### Supplied data

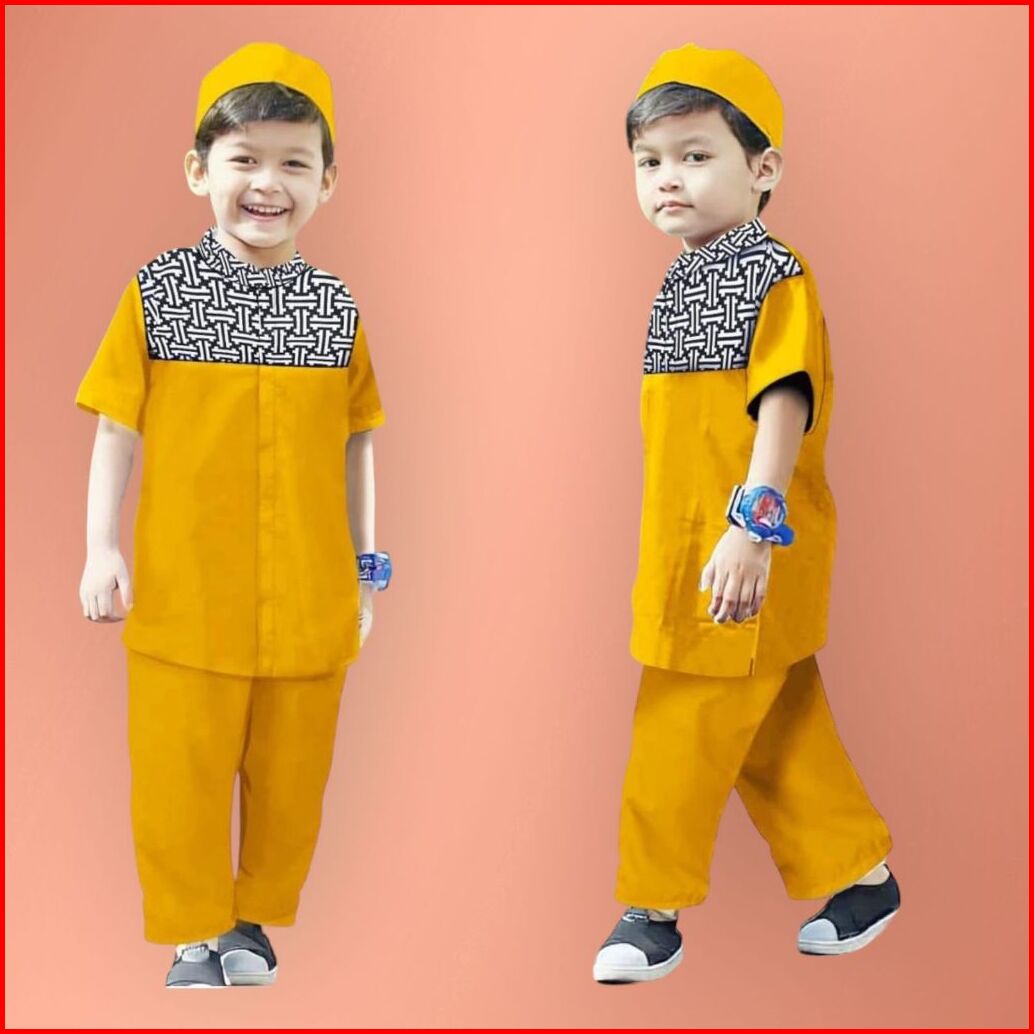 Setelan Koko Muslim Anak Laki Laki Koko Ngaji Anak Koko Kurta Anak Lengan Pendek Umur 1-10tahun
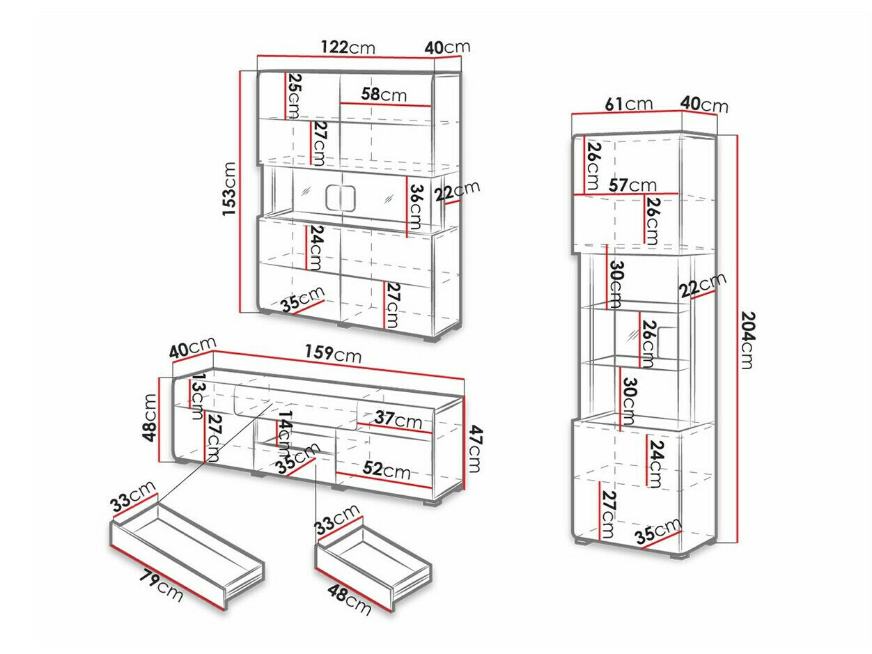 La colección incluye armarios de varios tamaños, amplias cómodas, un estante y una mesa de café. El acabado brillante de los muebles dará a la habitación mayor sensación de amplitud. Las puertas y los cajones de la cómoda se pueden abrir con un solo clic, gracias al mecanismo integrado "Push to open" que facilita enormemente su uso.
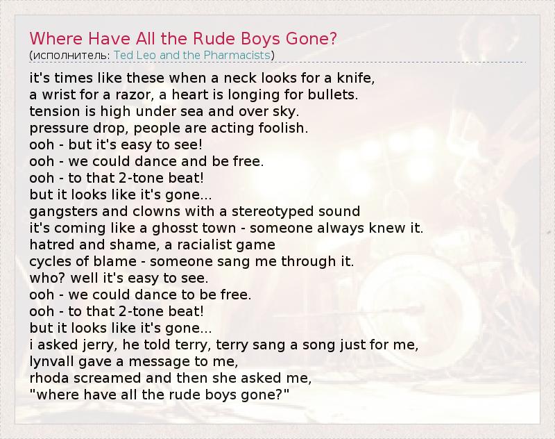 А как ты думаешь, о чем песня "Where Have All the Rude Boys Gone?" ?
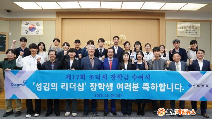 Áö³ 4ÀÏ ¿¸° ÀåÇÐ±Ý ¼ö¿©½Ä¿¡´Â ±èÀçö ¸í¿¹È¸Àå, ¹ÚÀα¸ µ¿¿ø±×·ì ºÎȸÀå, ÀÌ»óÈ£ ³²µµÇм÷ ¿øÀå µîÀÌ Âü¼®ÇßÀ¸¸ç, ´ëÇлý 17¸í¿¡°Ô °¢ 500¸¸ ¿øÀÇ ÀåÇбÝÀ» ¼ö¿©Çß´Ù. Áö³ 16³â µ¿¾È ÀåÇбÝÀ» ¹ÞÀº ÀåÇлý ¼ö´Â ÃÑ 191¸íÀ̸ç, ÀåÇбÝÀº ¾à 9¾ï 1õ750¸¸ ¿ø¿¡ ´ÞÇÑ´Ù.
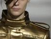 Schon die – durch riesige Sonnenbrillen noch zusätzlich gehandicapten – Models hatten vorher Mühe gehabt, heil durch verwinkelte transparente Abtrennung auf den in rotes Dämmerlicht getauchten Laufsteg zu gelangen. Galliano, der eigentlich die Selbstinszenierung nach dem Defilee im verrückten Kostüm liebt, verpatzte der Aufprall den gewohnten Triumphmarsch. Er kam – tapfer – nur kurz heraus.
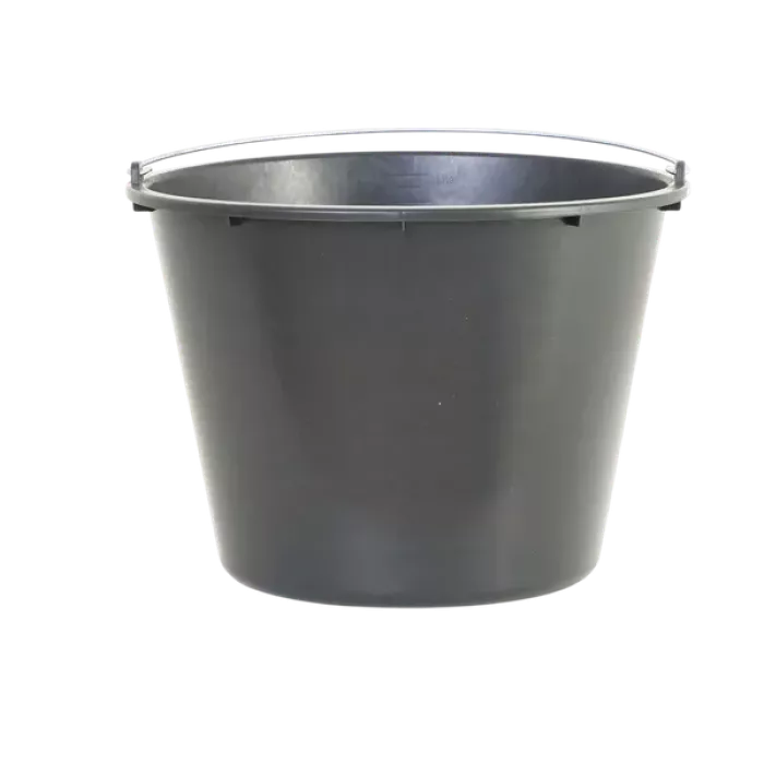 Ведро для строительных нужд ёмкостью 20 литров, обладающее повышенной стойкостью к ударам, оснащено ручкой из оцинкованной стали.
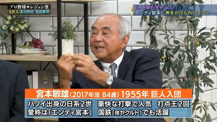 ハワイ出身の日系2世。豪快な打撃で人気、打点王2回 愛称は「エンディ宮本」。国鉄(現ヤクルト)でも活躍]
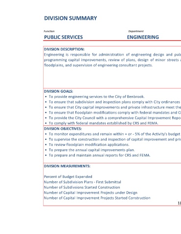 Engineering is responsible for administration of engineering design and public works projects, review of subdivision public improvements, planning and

######

- **Exercise aim**:
Would you write out every record word for word, leaving no picture in?

- **Final answer**:
 Setelan Koko Muslim Anak Laki Laki Koko Ngaji Anak Koko Kurta Anak Lengan Pendek Umur 1-10tahun
 La colección incluye armarios de varios tamaños, amplias cómodas, un estante y una mesa de café. El acabado brillante de los muebles dará a la habitación mayor sensación de amplitud. Las puertas y los cajones de la cómoda se pueden abrir con un solo clic, gracias al mecanismo integrado "Push to open" que facilita enormemente su uso.
 А как ты думаешь, о чем песня "Where Have All the Rude Boys Gone?" ?
 Áö³ 4ÀÏ ¿¸° ÀåÇÐ±Ý ¼ö¿©½Ä¿¡´Â ±èÀçö ¸í¿¹È¸Àå, ¹ÚÀα¸ µ¿¿ø±×·ì ºÎȸÀå, ÀÌ»óÈ£ ³²µµÇм÷ ¿øÀå µîÀÌ Âü¼®ÇßÀ¸¸ç, ´ëÇлý 17¸í¿¡°Ô °¢ 500¸¸ ¿øÀÇ ÀåÇбÝÀ» ¼ö¿©Çß´Ù. Áö³ 16³â µ¿¾È ÀåÇбÝÀ» ¹ÞÀº ÀåÇлý ¼ö´Â ÃÑ 191¸íÀ̸ç, ÀåÇбÝÀº ¾à 9¾ï 1õ750¸¸ ¿ø¿¡ ´ÞÇÑ´Ù.
 Schon die – durch riesige Sonnenbrillen noch zusätzlich gehandicapten – Models hatten vorher Mühe gehabt, heil durch verwinkelte transparente Abtrennung auf den in rotes Dämmerlicht getauchten Laufsteg zu gelangen. Galliano, der eigentlich die Selbstinszenierung nach dem Defilee im verrückten Kostüm liebt, verpatzte der Aufprall den gewohnten Triumphmarsch. Er kam – tapfer – nur kurz heraus.
 Ведро для строительных нужд ёмкостью 20 литров, обладающее повышенной стойкостью к ударам, оснащено ручкой из оцинкованной стали.
 ハワイ出身の日系2世。豪快な打撃で人気、打点王2回 愛称は「エンディ宮本」。国鉄(現ヤクルト)でも活躍]
 Engineering is responsible for administration of engineering design and public works projects, review of subdivision public improvements, planning and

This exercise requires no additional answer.